Leucine love: The branched-chain amino acid leucine appears to help stimulating muscle protein synthesis (growth of new proteins). Yet, this doesn’t mean it’s a bodybuilding panacea. According to a review of leucine’s effectiveness by Examine.com “Whether this results in more lean mass over a period of time is somewhat less reliable though, and leucine appears to be more effective at promoting gains in muscle in people with lower dietary protein intake and in the elderly (who tend to have impaired muscle protein synthesis in response to the diet).”
Speaking Your Body’s Language
We can shape which proteins our bodies make using these two levers:
- Provide enough fuel / building blocks.
While failing to get enough can cause muscle wasting, eating more protein than you need will not, itself, cause muscles to grow. In most cases, it’s easy to meet our protein needs without protein supplements.
2. Provide the best possible signals to nudge your cells into action.
Physical activity, such as lifting weights, sends a signal to your muscles to grow or remodel. Male hormones are another powerful signal to your muscles (not one I recommend messing with!).
Closing Thoughts
You can’t treat baldness by eating hair! Getting your body to make more of a specific protein is not as simple as eating more of it — you also need the right signals.
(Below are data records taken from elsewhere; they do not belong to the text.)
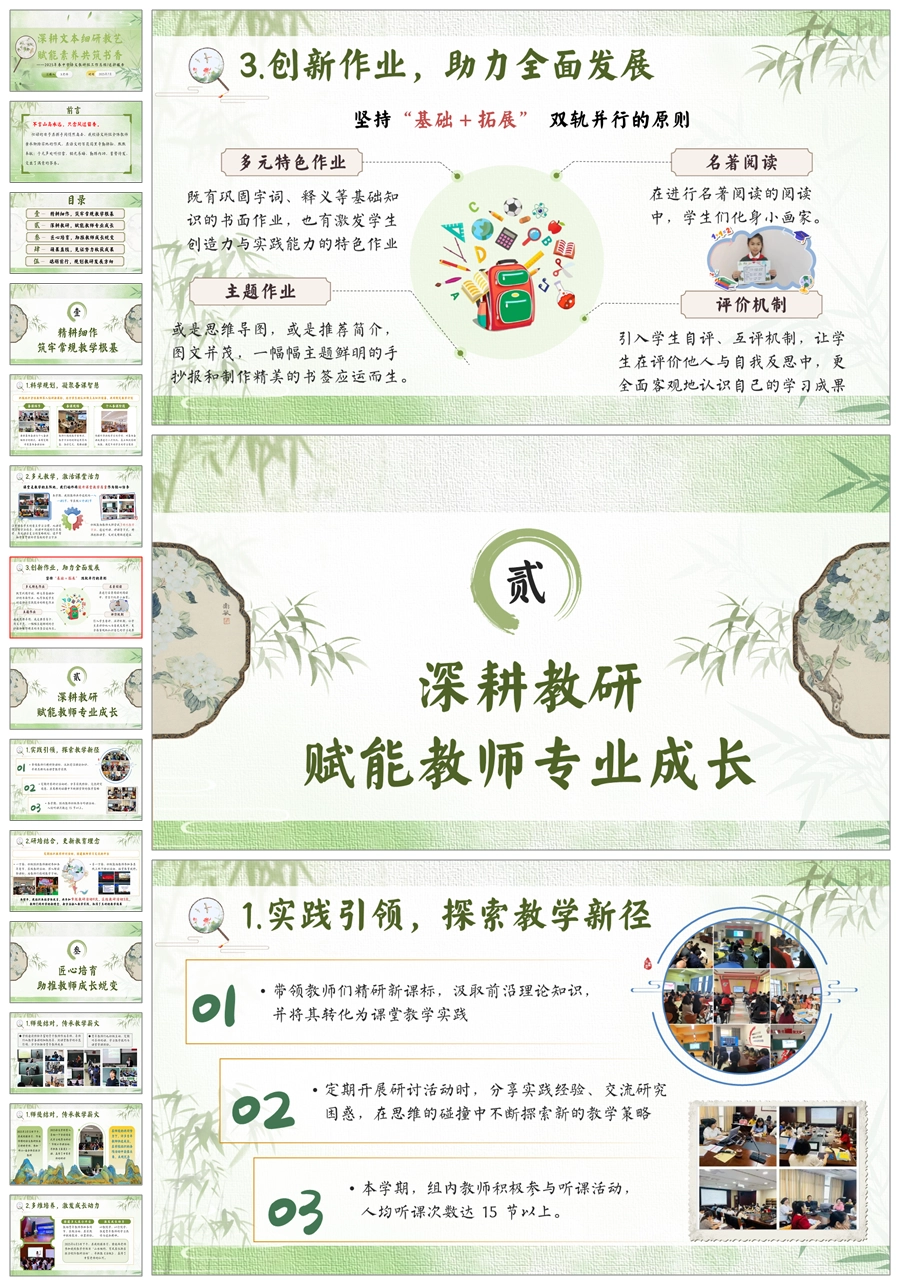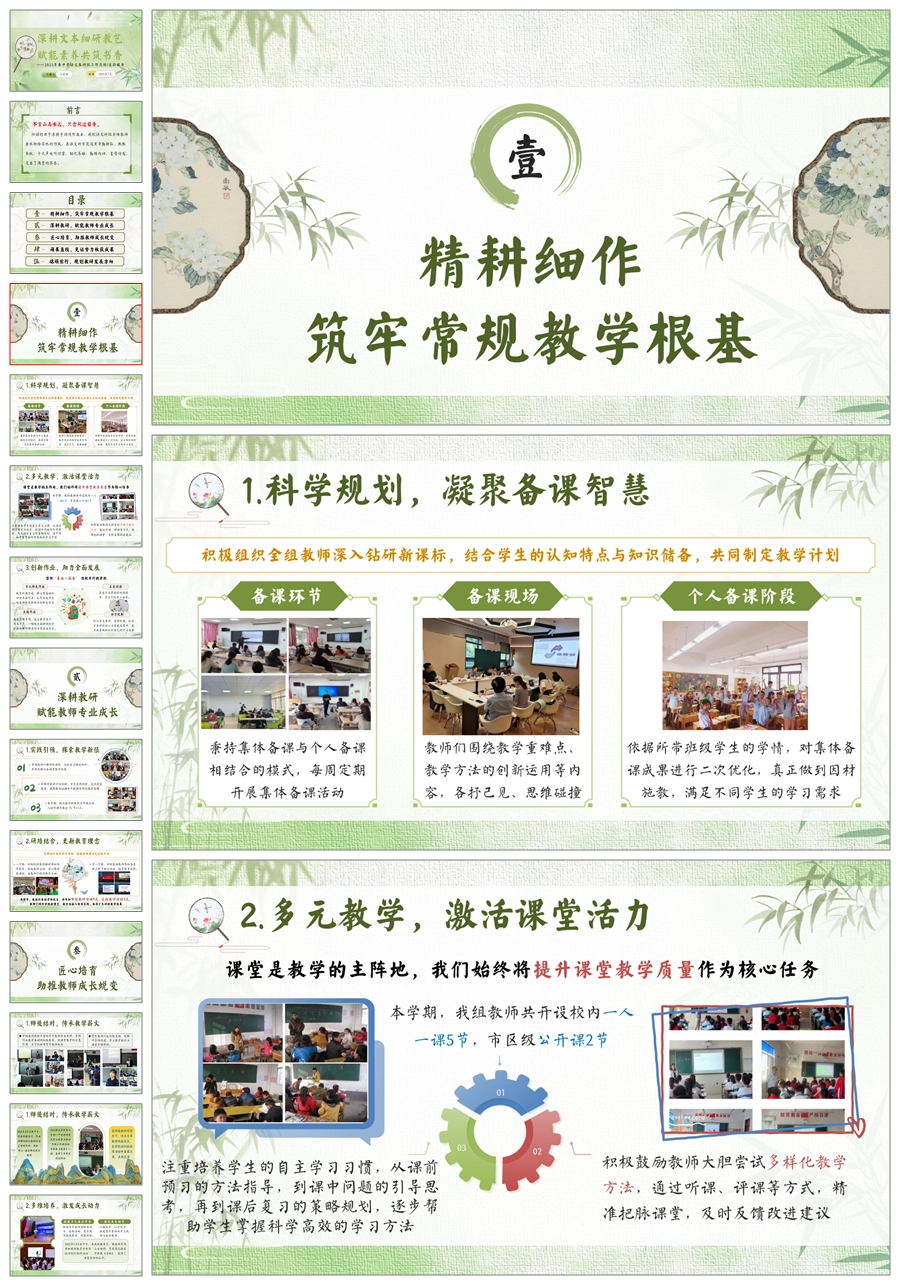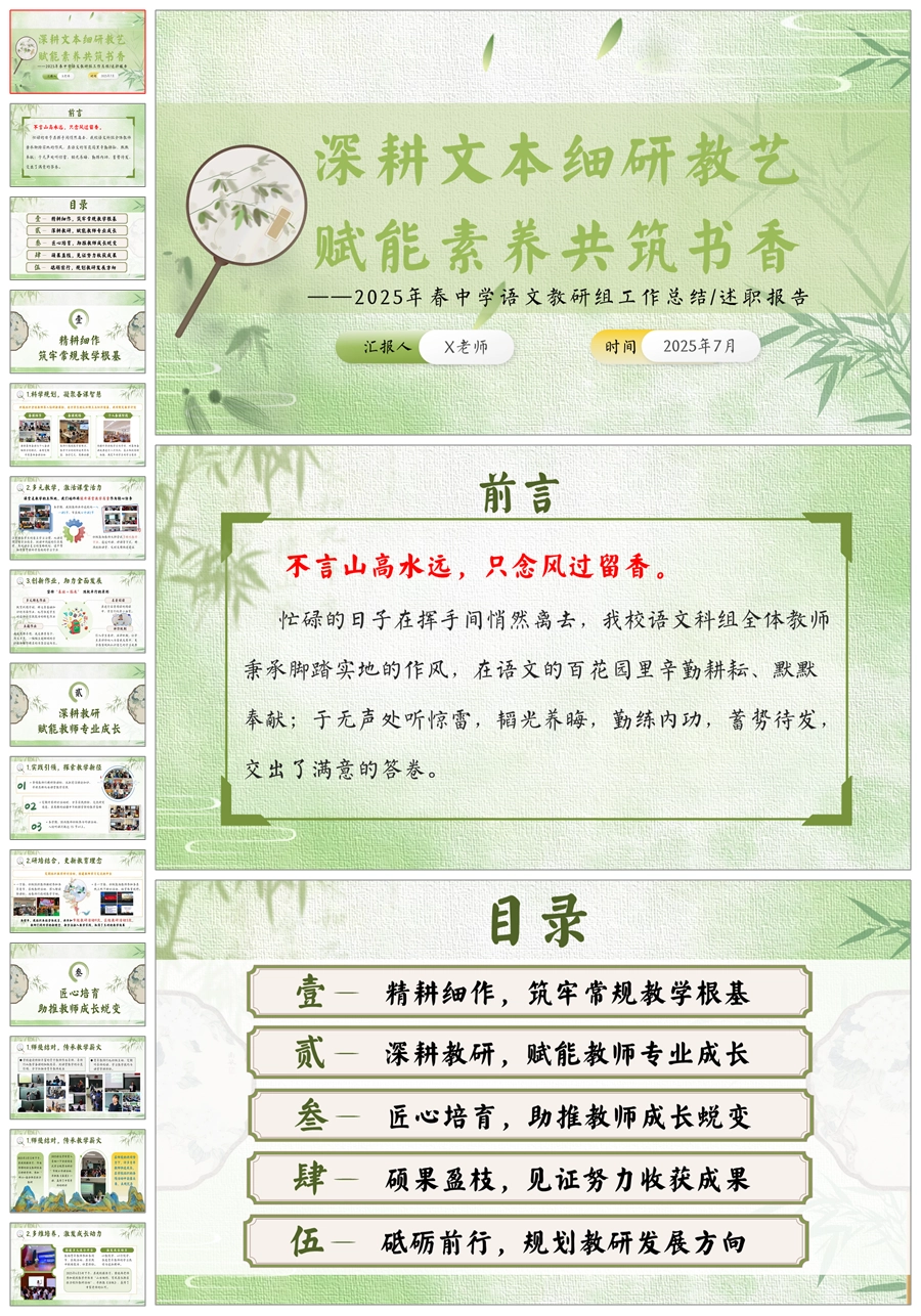 【5707】学校语文教研组工作总结《深耕文本细研教艺 赋能素养共筑书香》ppt课件+发言稿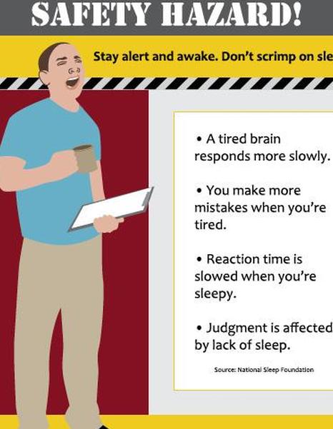 Плакат о безопасности выше напоминает людям, что сонливость может вызвать проблемы, и подчеркивает важность хорошего ночного сна каждый вечер.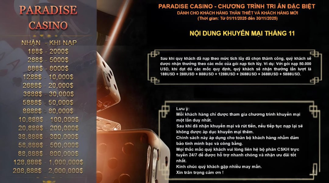 THÔNG BÁO : Số tài khoản ngân hàng trên nền tảng có thể thay đổi bất cứ lúc nào. Để đảm bảo giao dịch nạp tiền được chính xác và an toàn, quý khách vui lòng liên hệ bộ phận CSKH trực tuyến để xác nhận số tài khoản nhận trước mỗi lần chuyển khoản. Rất mong quý khách thông cảm và hợp tác! Chúc quý khách luôn hạnh phúc và gặt hái nhiều thành công!Trân trọng, [Paradise Casino Walkerhill]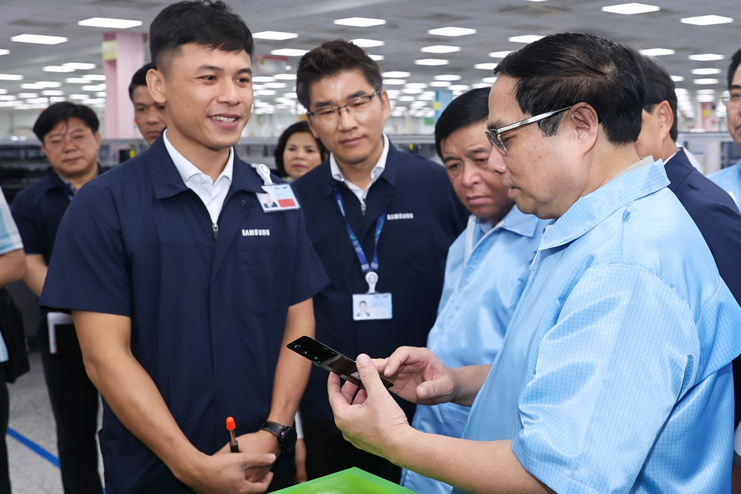 Ủy viên Bộ Chính trị, Thủ tướng Chính phủ Phạm Minh Chính thăm dây chuyền sản xuất thiết bị điện tử của Công ty TNHH Samsung Electronics Việt Nam tại Khu công nghiệp Yên Phong, huyện Yên Phong, tỉnh Bắc Ninh _Ảnh: TTXVN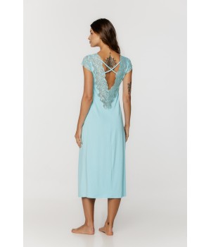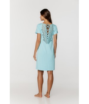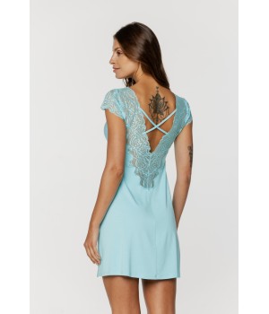 Pyjama-Set aus Mikromodal und Elastan, bestehend aus Oberteil und Shorts. Ärmelloses Oberteil mit V-Ausschnitt und Spitzenbesatz an Brust und Rücken. Shorts mit Spitzenbesatz.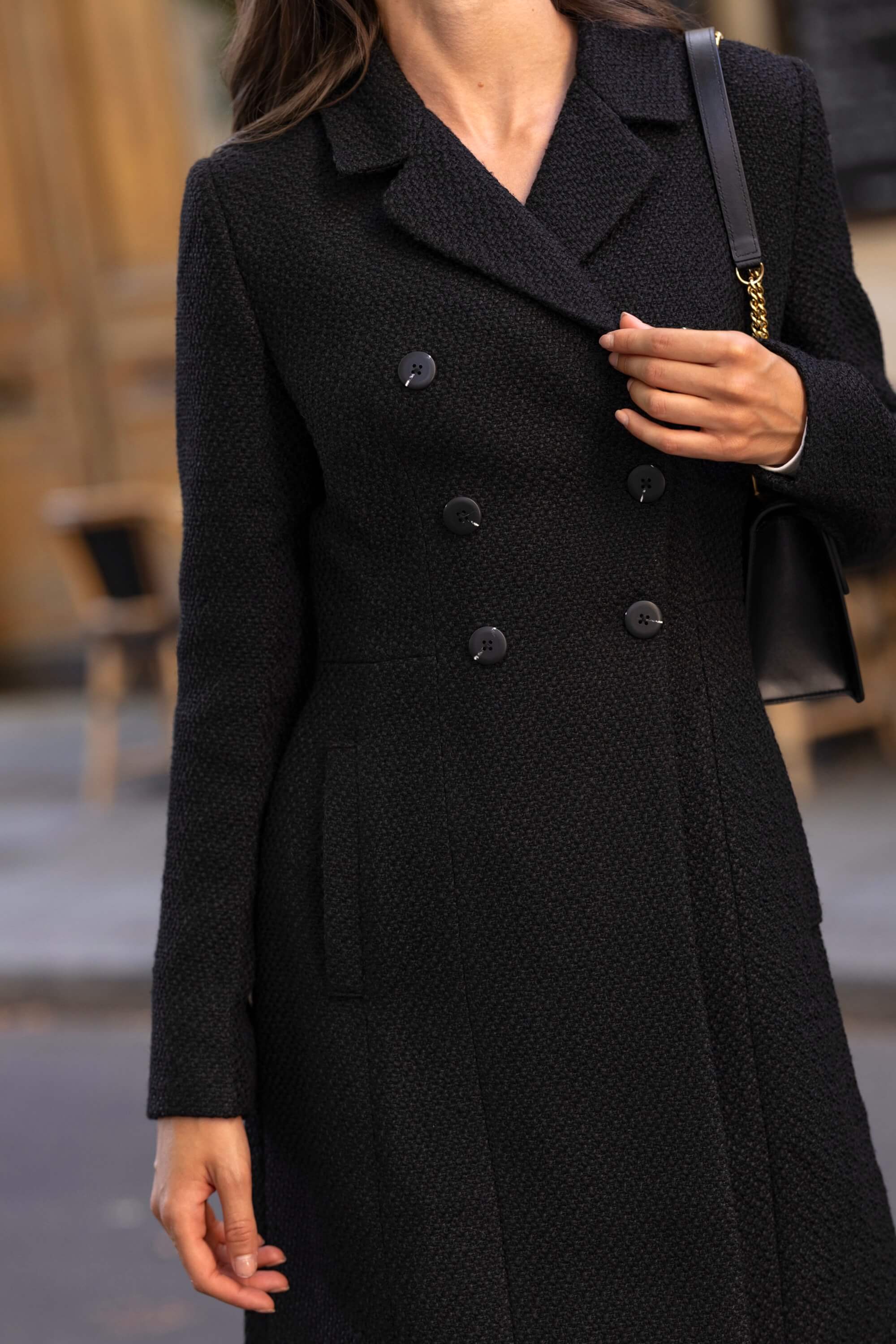 This coat is crafted from the finest upcycled wool tweed and fully lined. It features a double-breasted front, a notched collar, and a midi length. The waist is subtly defined, with a triangular-shaped skirt, and welt pockets are integrated into the reliefs.

Examples of effective signals include resistance training to promote muscle mass, hormone-blocking drugs to treat baldness, and lasers to rejuvenate skin. These examples are more of the exception than the rule. In most cases, the biology is so complex that we don’t yet know how to control it (like how strong and thick our hair is).
Please think twice before you buy the latest protein-based wonder-product (from keratin to collagen to powdered muscle protein). There is no guarantee that your body will use it the way you want it to. If it sounds too good to be true, it probably is!